4 – « Les cheminots aussi, ils font chier avec leur statut »

Là, je rigole jaune. Le premier statut des cheminots date des années 20 et était effectivement adapté à la « pénibilité » (et l’espérance de vie qui va avec) de ce métier à l’époque. Sauf que vous vous doutez bien qu’en un siècle, il a largement évolué depuis. Donc nous allons lister ici les avantages « incroyables » liés au statut de cheminot (qui ne concerne pas seulement les conducteurs de train mais aussi les contrôleurs, les cadres, les agents de maîtrise, et les agents de bureau…)

– Le statut de cheminot met les agents de la SNCF à l’abri d’un licenciement économique puisqu’il prévoit seulement trois cas de départ : la démission, la retraite ou la radiation… Et c’est le cas pour l’ensemble de la fonction publique.

– Les agents de la SNCF ont vingt-huit jours de congés payés par an, soit un jour de plus que prévu par le code du travail. Les enfoirés, ils ont un jour de plus que les autres, coupons-leur la tête. Notons que les « cheminots » font les « 3 huit » et ont pour la plupart un planning variable d’une semaine à l’autre (et statistiquement un taux de divorce plus élevé que la moyenne nationale pour des raisons probablement connexes).

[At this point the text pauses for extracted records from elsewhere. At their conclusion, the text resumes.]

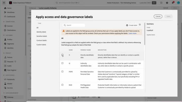 Hantera kunddata och säkerställ att regler, begränsningar och regler som gäller för dataanvändning följs med Adobe Experience Platform Data Governance. Datastyrning spelar en nyckelroll inom Experience Platform på olika nivåer, inklusive katalogisering, datalinje, etikettering av dataanvändning, policyer för dataanvändning och kontroll av användningen av data för marknadsföringsåtgärder.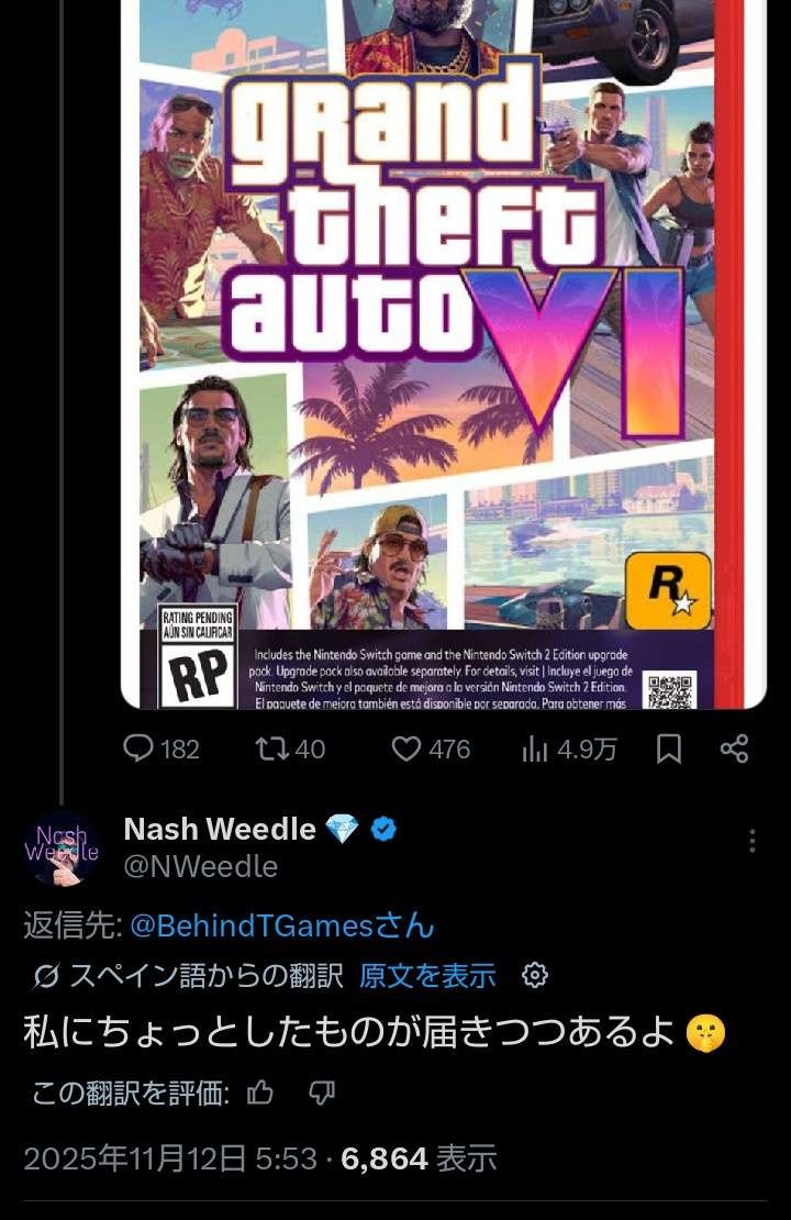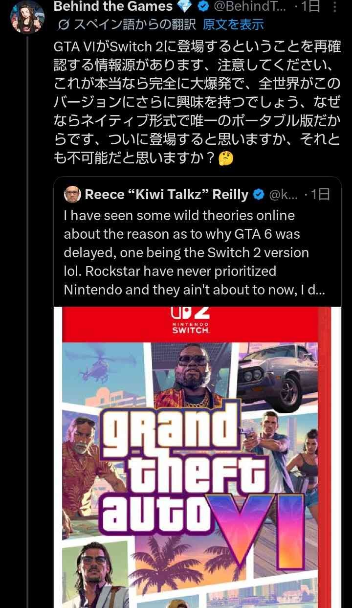 Switch2版弥助をリークした海外リーカー「Switch2版GTA6について私にちょっとしたものが届いている」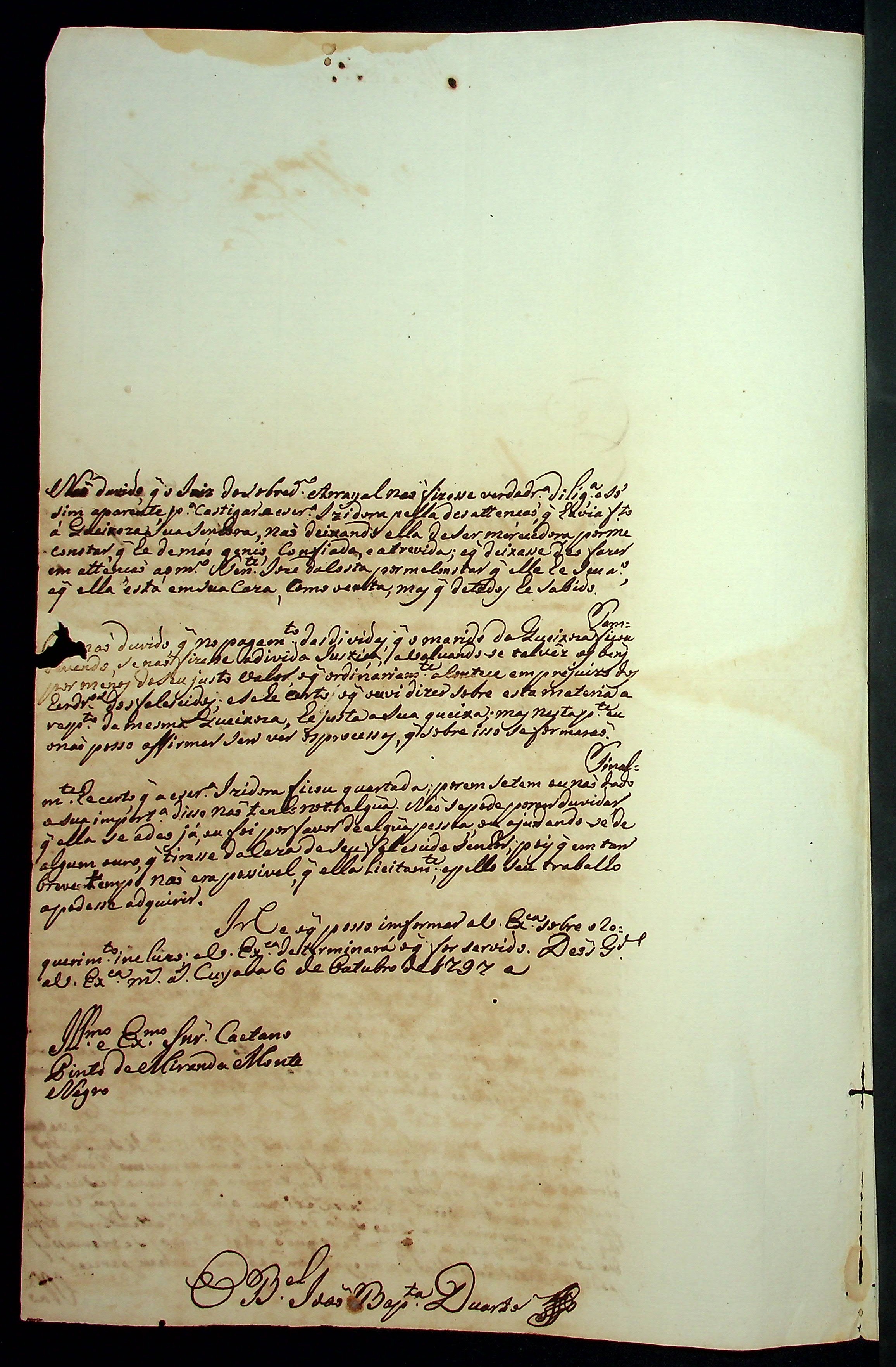 CARTA do Bacharel João Batista Duarte para o [Governador e Capitão-General da Capitania de Mato Grosso] Caetano Pinto de Miranda e Montenegro.

– Parlons thunes : le salaire brut mensuel moyen des cheminots est de 3 090 euros pour un temps complet. C’est un peu plus que le salaire mensuel moyen en France : 2 912 euros brut en 2013. Grosso modo ils touchent 100 balles nets de plus, sachant que la SNCF précise que plus de 60% de ses effectifs émarge en réalité aux alentours de… 2 000€ brut, soit à peu près 1600€ nets.

– Les cheminots peuvent partir à la retraite plus tôt que la majorité des employés français… 52 ans pour les conducteurs, 57 ans pour les autres… Mais, il y a un mais : la durée de cotisation pour toucher une retraite à taux plein ayant été progressivement relevée pour être alignée sur celle du régime général, de plus en plus de cheminots subissent une décote (une pension de retraite moins élevée). Conséquence : la majorité repousse aujourd’hui le départ à la retraite, tant et si bien que nombreux sont ceux qui se retirent du marché du travail à… 62 ans.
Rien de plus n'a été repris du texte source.